Kalp hastalıklarındaki uygulanabilecek diyet nedir?

Kalp hastalıklarındaki uygulanabilecek diyet nedir?
Kalp hastalıkları beslenme diyet

Kalp hastalıkları beslenme diyet. Sağlığın geliştirilmesi kavramı kapsamında; yeterli ve dengeli beslenme, düzenli fizik aktivite, sigara ve diğer bağımlılık yapıcı maddelerden uzak bir yaşam, düzenli uyku, boş zamanları değerlendirme ve diğer sağlıklı yaşam biçimleri etmenleri gibi çeşitli kavramlar yer almaktadır.

Beslenme insan yaşamının müdahale edilebilir bir bölümünü oluşturup kardiyovasküler sistem (KVS) hastalıklar ve kanser gibi diğer kronik hastalıklar açısından değiştirilebilen risk etmenleri arasında yer almaktadır.
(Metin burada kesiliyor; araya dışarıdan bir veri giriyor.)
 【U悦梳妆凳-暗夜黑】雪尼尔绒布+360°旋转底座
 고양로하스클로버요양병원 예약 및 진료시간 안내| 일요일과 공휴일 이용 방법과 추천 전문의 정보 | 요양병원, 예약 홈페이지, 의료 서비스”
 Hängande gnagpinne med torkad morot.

Her yıl dünyada 17 milyon kişi kalp hastalıkları nedeniyle yaşamını yitirmektedir . Hem Amerika Birleşik Devletlerinde (ABD) hem de ülkemizde kalp hastalıkları en çok öldüren hastalıkların başında yer almaktadır. Türkiye’de 1998 yılı Devlet İstatistik Enstitüsü (DİE) verilerine göre ölümlerin %40,6’sının kalp hastalıklarına bağlı olduğu bilinmektdir. Buna dayanarak ülkemizde kalp hastalığından ölümlerin 155 bin dolayında olacağı tahmin edilmektedir. Yapılan çalışmalar, kardiyovasküler hastalıklarla diyet alışkanlığı arasında kuvvetli bir ilişki olduğunu ortaya koymuştur.
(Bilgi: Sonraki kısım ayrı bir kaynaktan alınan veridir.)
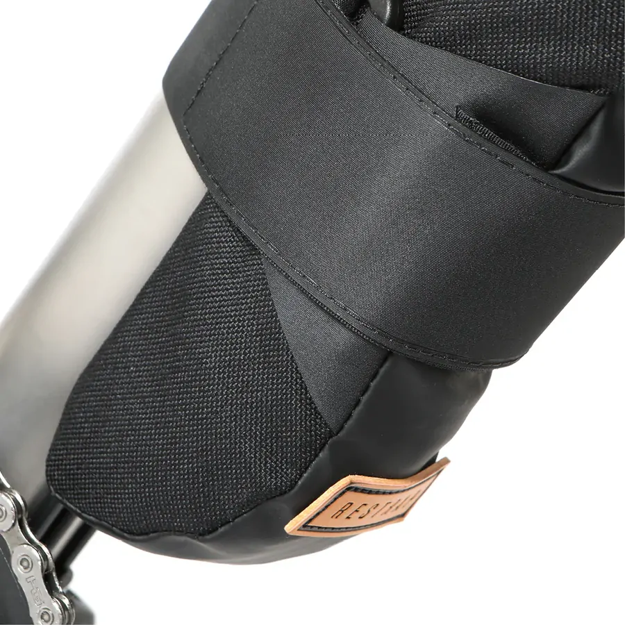 Constructed with a roll-top closure, the bag ensures that water, road spray, and trail debris stay out. A single Velcro strap, combined with a stitched-in grip pad, secures the bag tightly to your downtube, preventing movement and minimizing rattling during rides. The bolt-free attachment system also allows for quick and easy swaps between bikes.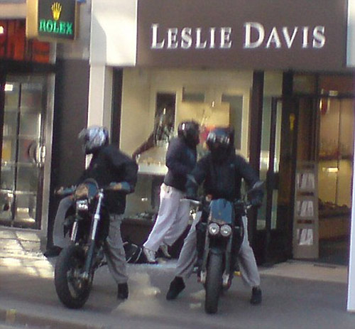中新網(wǎng)3月8日電 據(jù)英國媒體報道,6日,一群摩托黨在倫敦最繁華的大街上搶劫了一家珠寶店。這已經(jīng)是該團(tuán)伙第二次做案。實施搶劫的有4人,都戴著頭盔以隱藏面部,目擊者表示他們看上去不過是學(xué)生年紀(jì)。搶劫時,其中兩人沖進(jìn)店里,用大錘砸碎櫥窗玻璃,拿走里面的手表和珠寶;另外兩人則一直開著引擎,等前者跳上車后即迅速離開。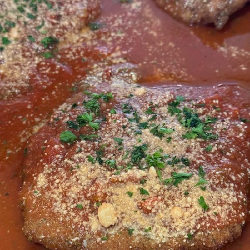 Grilled tender chicken breast topped with sautéed fresh tomatoes, onions, provolone cheese and a homemade mushroom sauce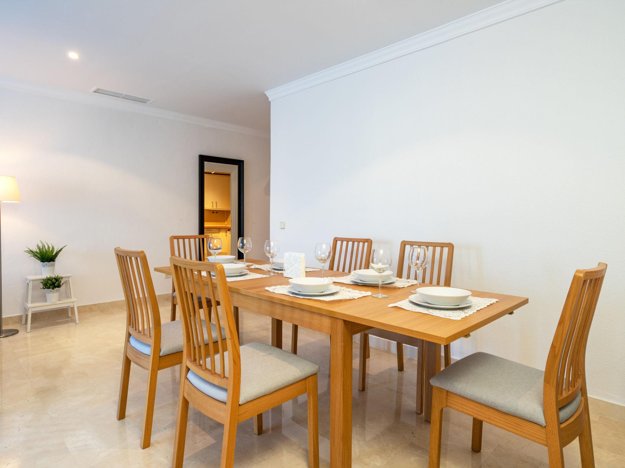 "Mirador II", 4-room apartment 113 m2 on 1st floor, east facing position. Comfortable and beautiful furnishings: living/dining room with digital TV and DVD. Exit to the terrace. 1 room with 1 french bed and bath/bidet/WC. 1 room with 2 beds (90 cm, length 200 cm). 1 room with 2 beds. Kitchen (oven, dishwasher, microwave, freezer). Shower/WC. Terrace 15 m2. Terrace furniture. Very beautiful view of the countryside and golf course. Facilities: washing machine. Internet (WiFi, free). Parking. Please note: non-smokers only. VUT/MA/30939 // Reg. Nr.: ESFCTU0000290420001144430000000000000000VUT/MA/309399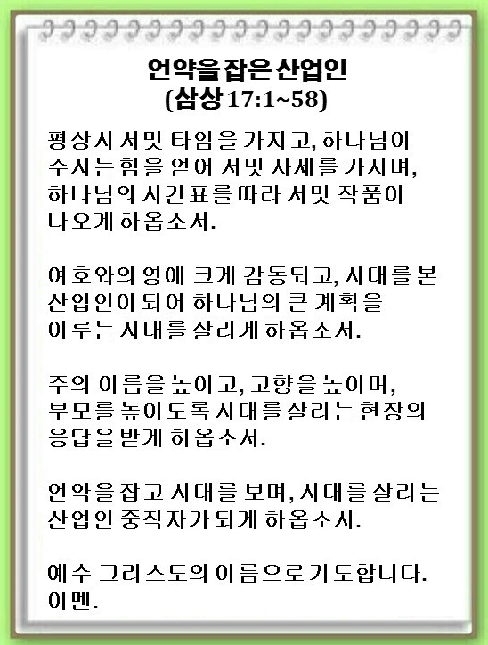 [언약 기도] 언약을 잡고 시대를 보며, 시대를 살리는 산업인 중직자가 되게 하옵소서. 예수 그리스도 이름으로 기도합니다. 아멘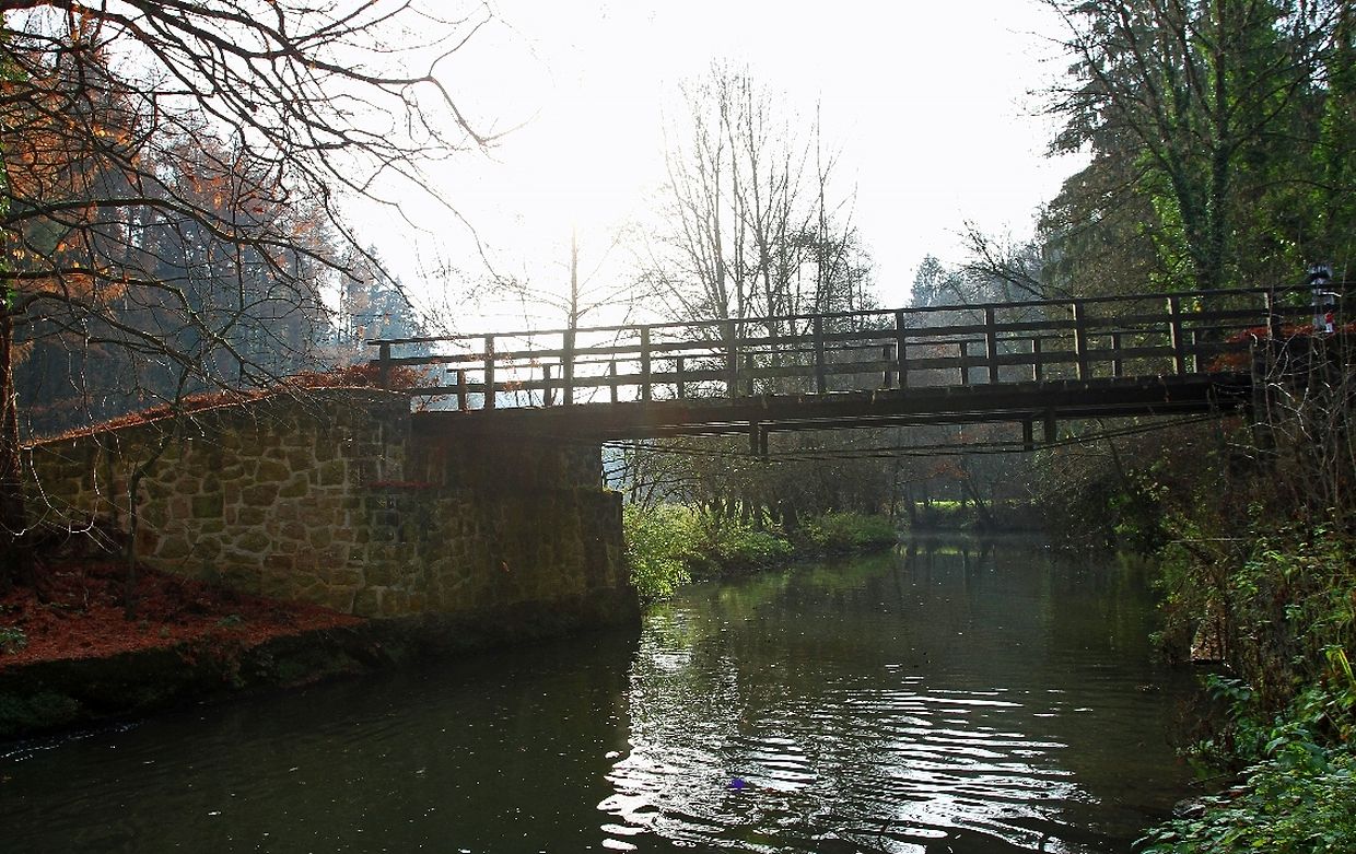 Vir eescht kommen ech an den Gronn, bekannt Bréck am Gronn, e belieft Photomotiv, also wat ass mer iwwreg bliwwen , hunn natierlech eng Photo gemat.Dann weider zu Fouss Richtung Polfermillen, wou awer net vill ze kucken ass. Dann no e puer Kilometer laanscht déi al Kofferfabrik, wou fréier eng Géisserei war, haut e Service vun der Gemeng dran ass

Örneğin kalp hastalıkları riskinin yüksek olduğu popülasyonların diyeti satüre yağ asitlerinin fazla tüketildiği (günlük kalorinin %15′ den fazlası), kolesterolün fazla alındığı ve karbonhidratın az tüketildiği (%50’den az) toplumlardır. Düşük KVH insidansı olanlar ise satüre yağ asitlerinin az tüketildiği (%10’dan az), karbonhidrat alımının fazla olduğu toplumlardır.
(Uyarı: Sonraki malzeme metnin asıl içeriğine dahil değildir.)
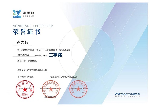 2024年8月,第四届“中望杯”工业软件大赛圆满落幕,本届竞赛吸引了来自国内30个省/直辖市的800多所院校的热烈响应,参赛学生人数近7000人,经过激烈角逐,390名优秀选手脱颖而出。yl8cc永利线路检测中心yl8cc永利线路检测中心由黄明燕老师指导的22建筑工程技术1班学生卢志超同学以广东省省赛二等奖的好成绩顺利入围国赛,并在全国总决赛中获得三等奖。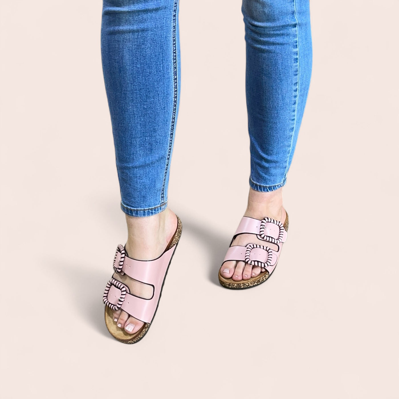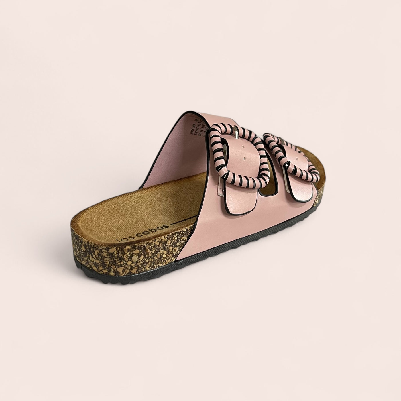 Meet Jirona by Los Cabos — the slide making a style statement this season. Its twin-strap design features oversized buckles with sleek black edging for that modern edge, balanced by a softly padded insole and cork-look sole for all-day comfort. Effortless, fashion-forward and perfectly pink — this is your sunshine-ready staple for the season.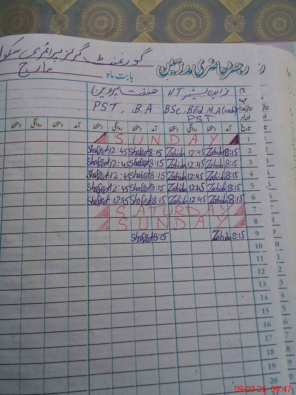 | Name: Za**** Ba**** Designation: (School Headmaster's/Headmistress's) PST Phone/Cell Number: 03**** |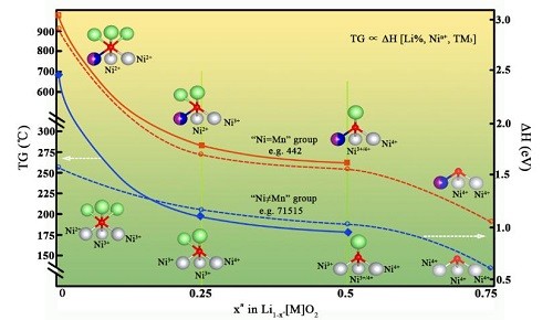 理論計(jì)算和實(shí)驗(yàn)測(cè)量得到三元層狀材料充電(脫鋰)過(guò)程中起始脫氧溫度的變化
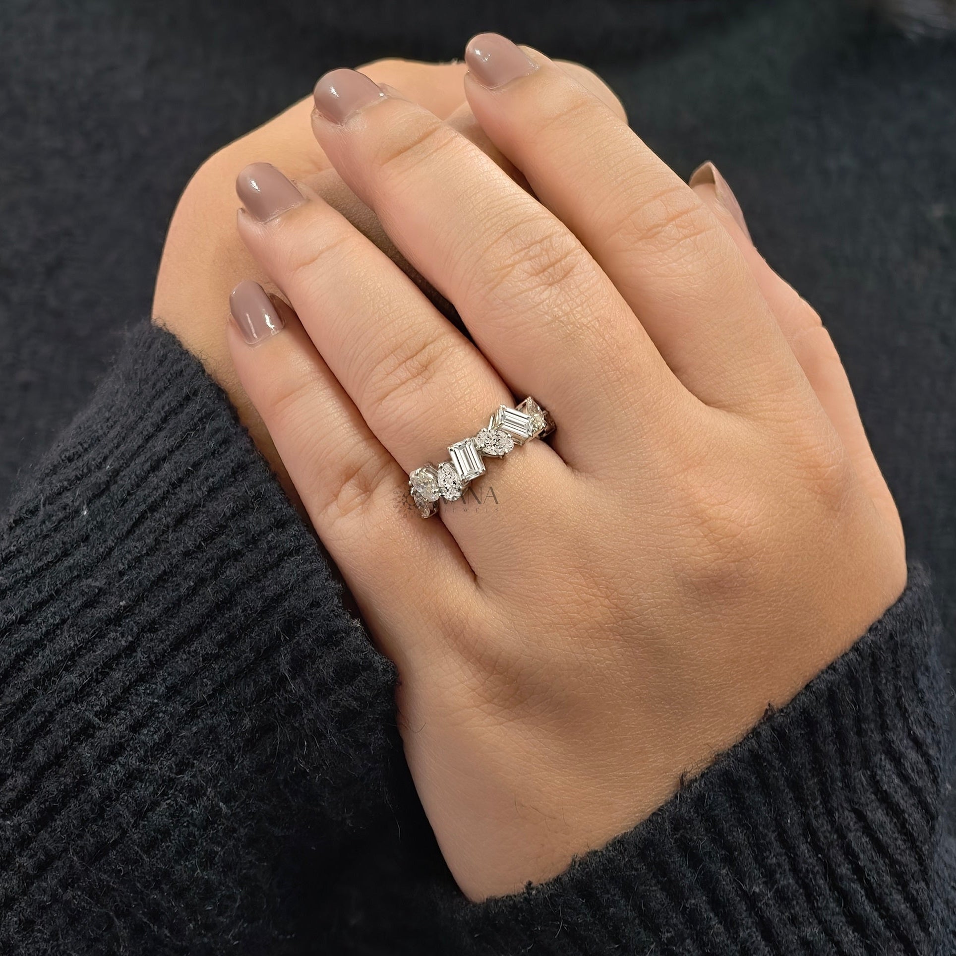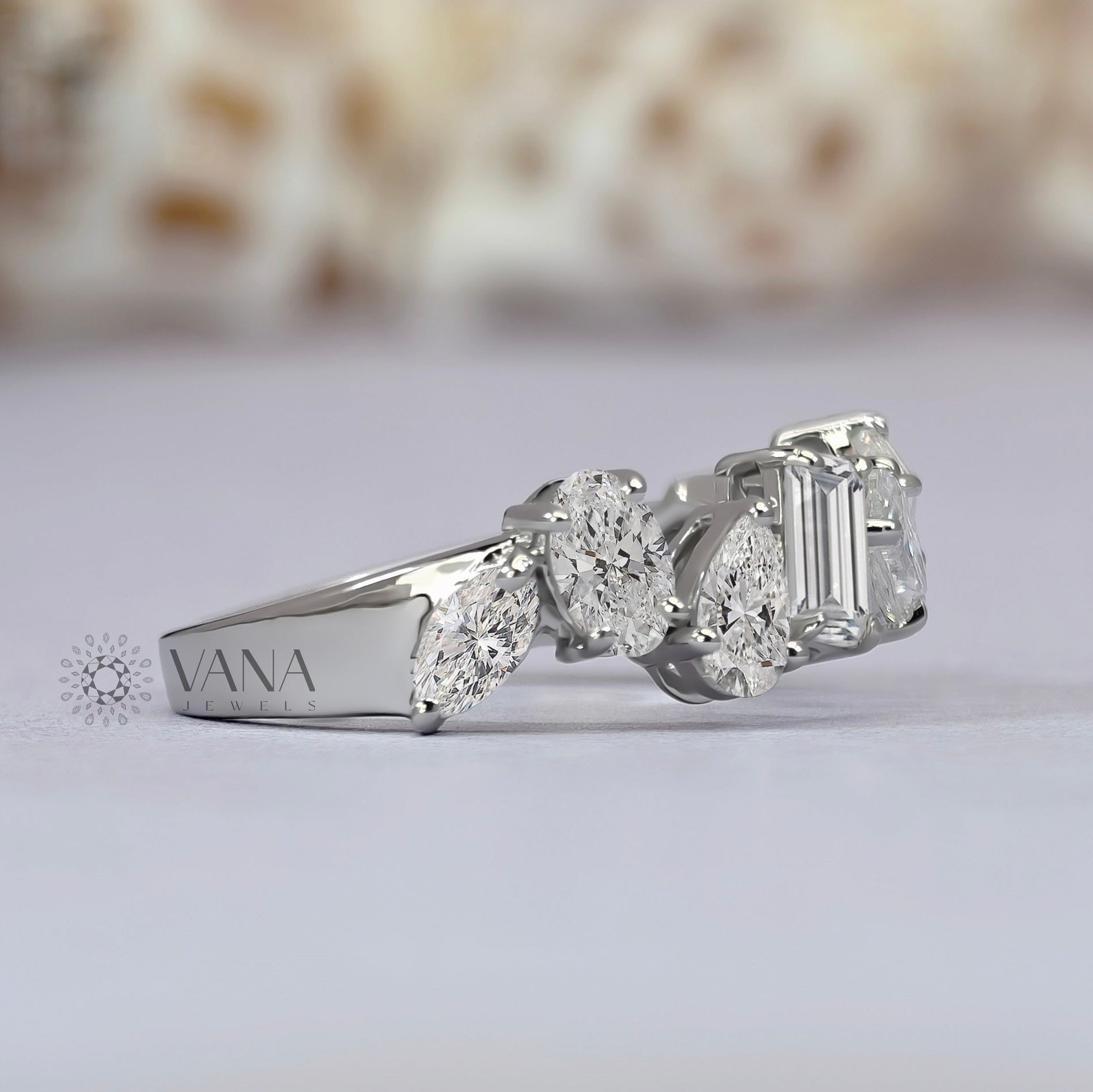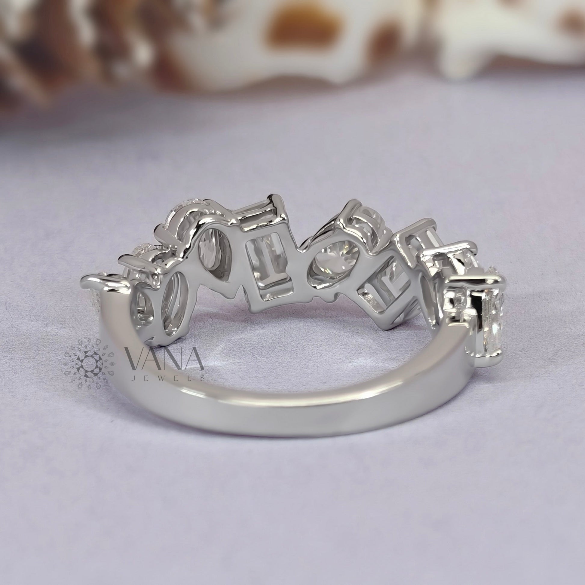 This stunning mixed cut moissanite wedding band showcases a graceful combination of pear, marquise, emerald, and oval cut moissanite stones, creating a unique and modern half eternity design. Set in luxurious 18K white gold, each stone is carefully placed to maximize brilliance and sparkle from every angle. Perfect as a stackable wedding band, anniversary ring, or statement piece, this handcrafted band blends contemporary elegance with timeless beauty. An ideal gift for celebrating love, milestones, and special moments.

Ayrıca yapılan göçmen çalışmalarında Nagazaki ve Hiroşima’dan Kaliforniya’ya göç eden kişilerde göçten önceki diyetlerine göre et, satüre yağ asiti, kolesterol, süt ürünleri tüketimi artışıyla birlikte, daha az kompleks karbonhidrat ve daha az alkol tüketimi olmuş ve kalp hastalıkları riskinde artış saptanmıştır.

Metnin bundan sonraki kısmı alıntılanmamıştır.